Para el acreditado analista, doctor Rafael Vela Martínez la llegada de Hernández Palacios a la ASF puede marcar un punto de inflexión en la fiscalización del gasto público en México.
“Pero en Veracruz y, particularmente en la vida institucional de la Universidad Veracruzana (UV) el significado político de este nombramiento podría ser aún mayor, ya que abre la posibilidad de esclarecer el destino del subejercicio multimillonario señalado por el Órgano de Fiscalización Superior del Estado de Veracruz (ORFIS)”.
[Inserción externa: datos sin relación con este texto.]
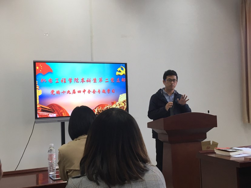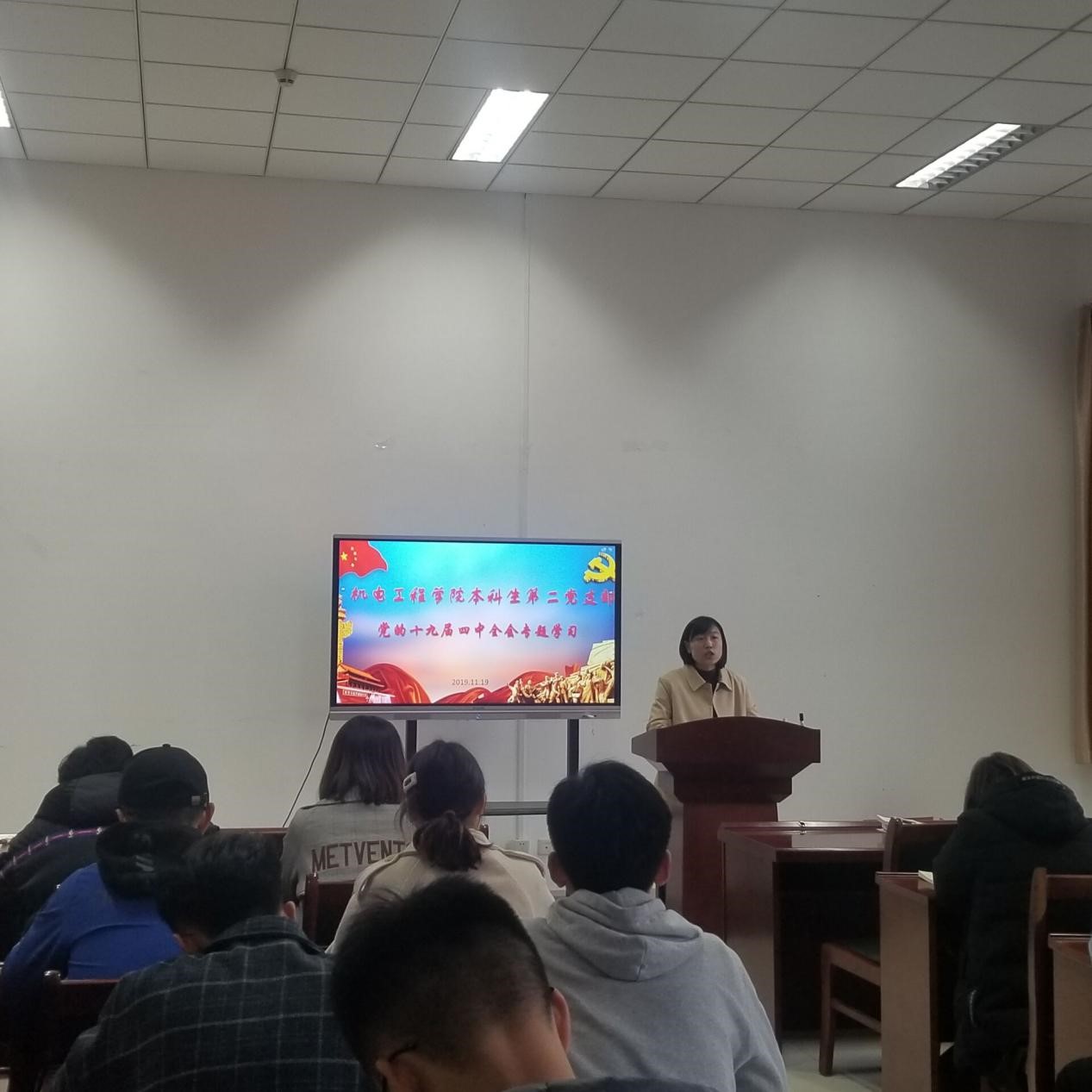 11月19日,澳门十大信誉网赌大全本科生第二党支部在机电大楼529召开了党的十九届四中全会专题学习,本次会议重点围绕习近平总书记在党的十九届四中全会上的报告和重要讲话的精神做交流发言,支部书记曲智强主持学习。

Para el acreditado catedrático del Instituto de Investigaciones y Estudios Superiores Económicos y Sociales (IIESES) la llegada de Hernández Palacios ocurre en un momento particularmente delicado para la UV, que enfrenta crisis de legalidad por la prórroga que la Junta de Gobierno otorgó al Rector Martín Aguilar.
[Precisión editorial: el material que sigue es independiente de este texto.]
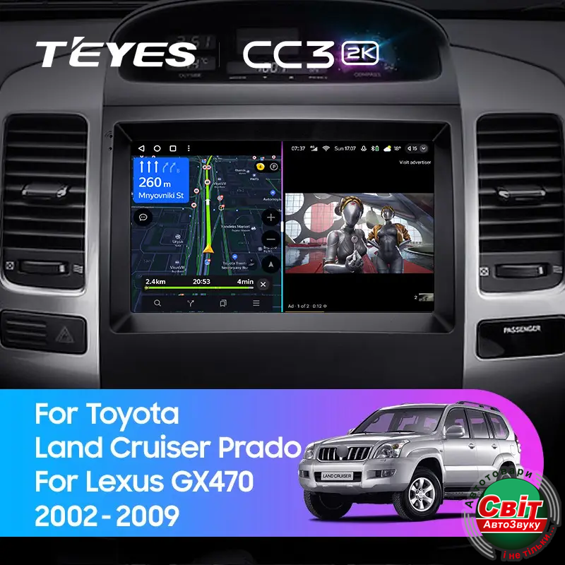 Автомагнітола штатна Teyes CC3 4+32 Gb Toyota Land Cruiser Prado 120 2004-2009 (F2) 9Новий флагманський продукт 2023 року в лінійці штатних автомагнітол Teyes CC3 2K повністю відповідає вимогам сучасних автомобілістів. При його розробці повною мірою реалізовано новітні інтелектуальні рішення, серед яких особливе місце займають такі:

Y es que, de acuerdo con los Informes de Resultados de la Fiscalización Superior de las Cuentas Públicas 2021, 2022, 2023 y 2024 del Órgano de Fiscalización Superior del Estado de Veracruz (ORFIS), la Universidad Veracruzana registró subejercicios presupuestales acumulados por 5 mil 258 millones de pesos durante ese periodo.
Ello, colocado en otro contexto equivale «a más de 110 mil becas universitarias de $50,000 pesos anuales; a la construcción de 55–70 edificios universitarios modernos (estimando entre 80 y 100 millones por edificio); financiar 5,000 proyectos de investigación científica de un millón de pesos cada uno; duplicar durante varios años el presupuesto de infraestructura universitaria» sostiene el catedrático Vela Martínez.
¿Dónde terminó ese dinero? ¿Dónde los mil 600 millones entregados a la UV en 2021; dónde los mil 200 correspondientes a 2022? ¿De verdad, se ejercieron con legalidad y a cabalidad los mil 845 millones entregados en 2023 o los casi 2 mil millones en 2024?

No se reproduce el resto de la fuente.